One small bite of burger, one giant push into the latest debate on the future of food.
When two food scientists and a book researcher split a hamburger Monday, it wasn’t a cheap lunch. It took two years and $325,000 from Google co-founder Sergey Brin to develop that burger.
It was grown in a petri dish using stem cells to create 20,000 strands of muscle fiber that were squished together with breadcrumbs, salt and natural coloring to make a 5-ounce lab burger.
How did it taste? Dry, apparently: Muscle fiber isn’t fat fiber, as workout coaches are so fond of reminding us. The burger had to be fried in a lot of extra butter.
Pictures of the uncooked in-vitro burger, red and packed into a round plastic mold, looked convincingly like ground beef, though. It certainly looked more beef-like than the last fast-food burger I tried.
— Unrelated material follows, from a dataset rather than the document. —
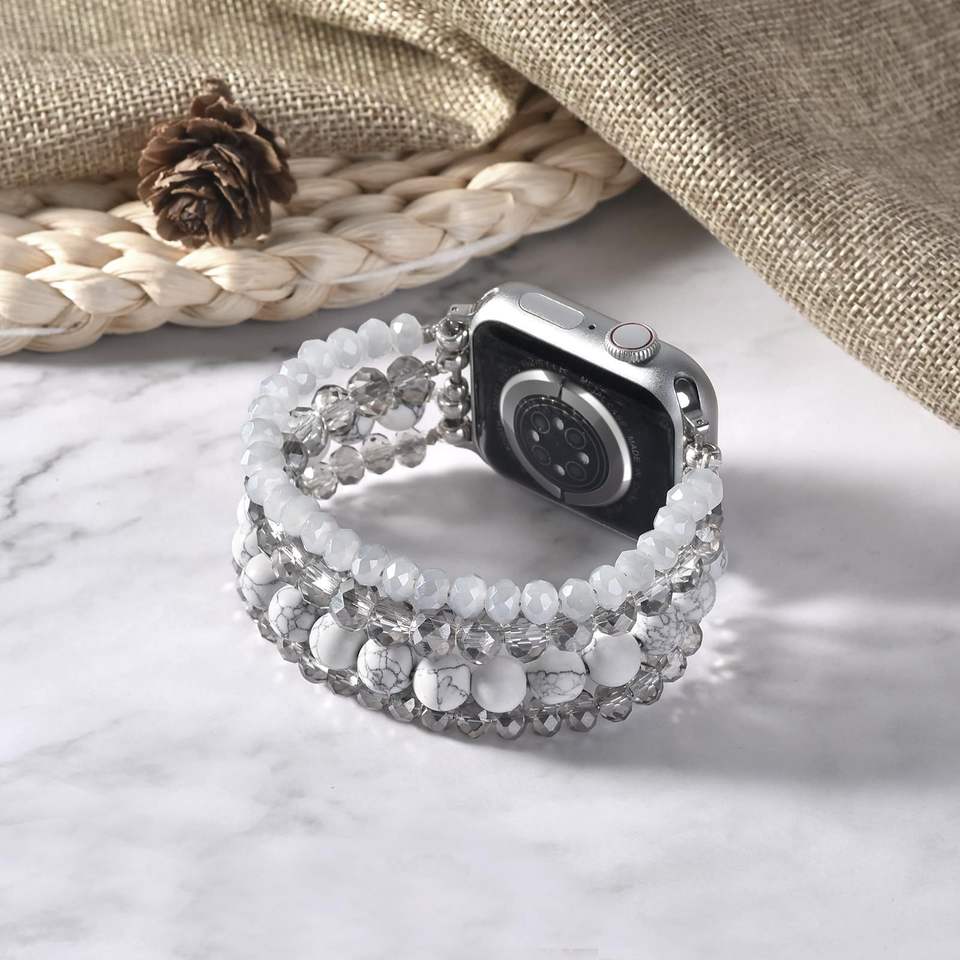 สายนาฬิกาลูกปัดมุกทำด้วยมือแฟชั่นสำหรับ iWatch สำหรับ Apple Watch Series 10 9 SE 38 40 41 42 45 46 49มม.

Even though a public relations firm staged the tasting, presented live on the Internet, the scientists refused to let journalists who were in the audience have a taste. The burger was too small to share, they said. And heck, the darn thing cost $65,000 an ounce. Reporters are notoriously bad tippers and we hate to split a check.
At first, of course, the lab burger will just be the start to a lot of jokes about the punch line from the movie “Soylent Green” – this soylent green apparently won’t be people, which is a relief.
But it may turn out the future of food will be beef that doesn’t have to come from a cow raised on increasingly limited amounts of crop land. That might be a relief, too.
By the end of the day Monday, the debates had broken out in full. Some vegetarians were ranting that we shouldn’t eat meat at all. Anti-science factions had come out against the idea of anything that sounds anti-nature, even though the cells in the meat fibers did originate with a cow.
In a surprise announcement, Ingrid Newkirk, the president of People For the Ethical Treatment of Animals, came out in favor:
“As long as there’s anybody who’s willing to kill a chicken, a cow or a pig to make their meal, we’re all for this.”
While the food factions squared off, I pondered what could be grown in a petri dish that I might want someday.
I’m already paying enough for my fresh food. If I keep paying it to a farmer, maybe the land around my city will be worth keeping for crops instead of petri dish factories.
The truth, though, is that lab burger is only expensive now, in the beginning. Proponents say a couple of decades down the road, when this is perfected, the fake stuff will be cheap and real beef will be only for the rich.
Then I look at what I pay now for grass-fed, locally raised beef and I realize: We’re already divided into those who have the luxury of buying real food and those who have to buy the cheaper, industrially produced version.
Maybe the real breakthrough with the lab burger is realizing that we already live with that.